Teaching Kids Again…

cfbc_kids_sm1.jpgAfter my first experience teaching kids in a group, I was more than hesitant to agree to teach another group. But this one promised to be a one-time deal. They were mainly pre-teens and younger teenager (downside) but the proposition was to teach six different groups of kids in a summer camp for an hour each without a repeat performance (upside). Knowing that I’d have some guidance from the teacher organizing the whole shebang, and would be helping her out to boot as the native speaker teacher she’d arranged had bailed out, I agreed.

The scariest part was when I got about five minutes notice that I would be addressing an auditorium full of the 100+ children and their parents. I spoke for probably less than a minute in English, sat down, and then watched as the organizer struggled to translate my address – she later told me she hadn’t even been listening.
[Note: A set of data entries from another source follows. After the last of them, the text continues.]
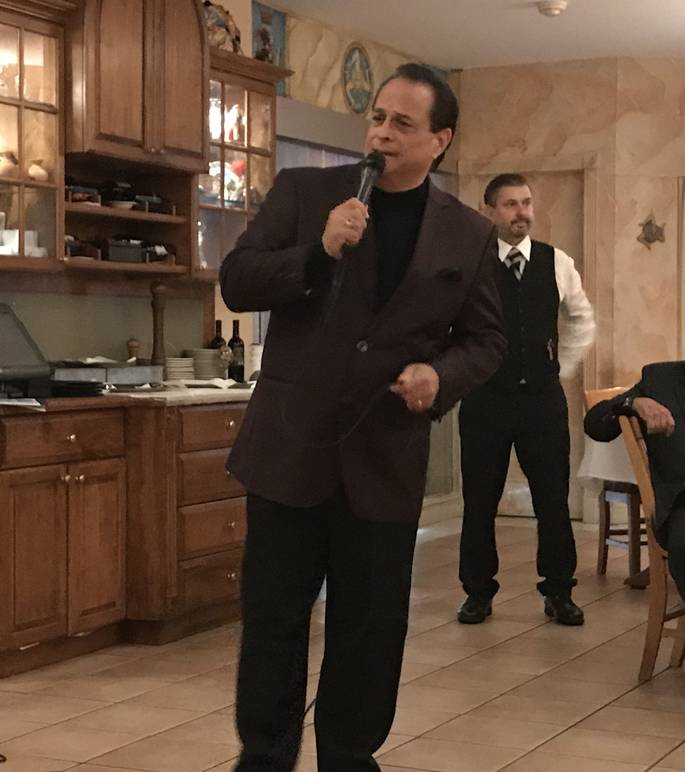 Continuing the entertainment for the evening, a friend of Maietta and avid Frank Sinatra singer, Eddie Sessa, sang “That’s America to Me.” Maietta then called American operatic tenor Daniel Rodriguez, who sang “God Bless America” over the phone from California. The whole room began singing along with him.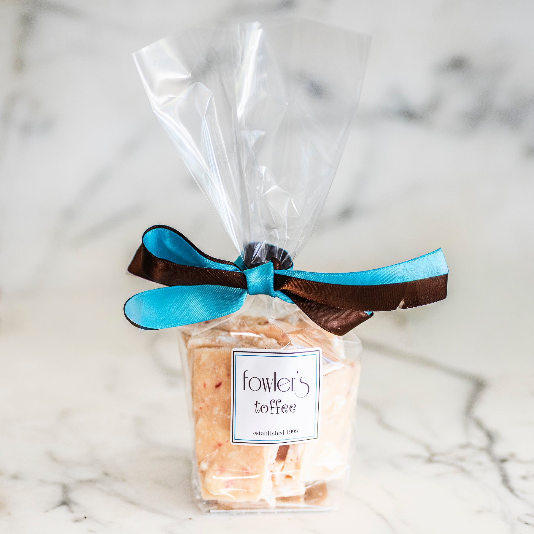 1/4 Pound Toffee Taster: Clear cellophane packaging accented with colorful raffia—perfect for sampling or small gifts.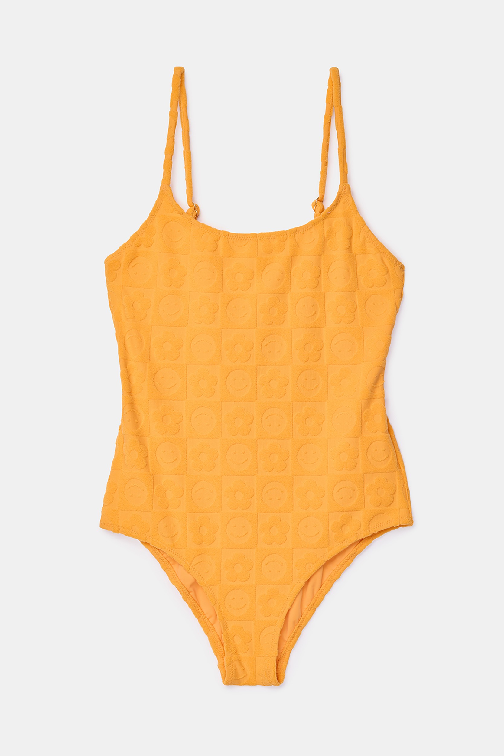 261-10-YAA-A/505Dit eendelige badpak is uitgevoerd in een oranje stof met reliëfmotief. Het model heeft een rechte halslijn en verstelbare schouderbandjes. De binnenzijde is volledig gevoerd in een effen stof. Het badpak is zowel verkrijgbaar voor meisjes als dames. Verkrijgbaar in maten 2Y-L.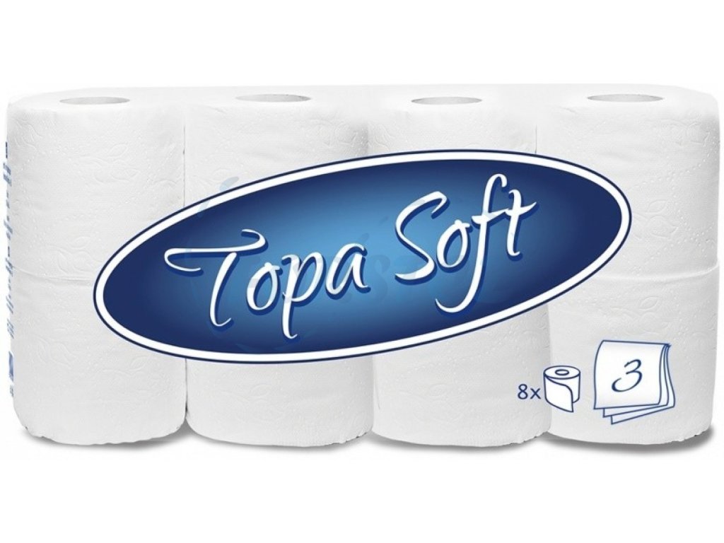 Toaletní papír 3vrstvý TOPA SOFT 8 rolí x 150 útržků, bílý, 100% celulóza

I ended up playing the game of Alibi with four of the groups, and doing a “imagine you are a typical American teenager” roleplay with the other two. I checked in advance with their main teachers about level and appropriateness, and they agreed that these would be fine. The Alibi groups started out with some vocabulary brainstorming – and some had just finished a lesson on teenage gangs so were full of crime words like arson, mug and ditch class. They all enjoyed it when I hammed it up and acted skeptical when the “suspects” offered explanations for diverging stories. We summed things up with a discussion about how life as a teenager in their country compared to life as a teenager in the US.

The roleplays with the lower levels were nothing remarkable – I gave them my answers first and elicited the questions, then had them answer questions in pairs as if they were American teenagers…receiving 100$ allowances and attending classes for two hours a day, driving to school in their own Ferraris…but they enjoyed “being” someone else.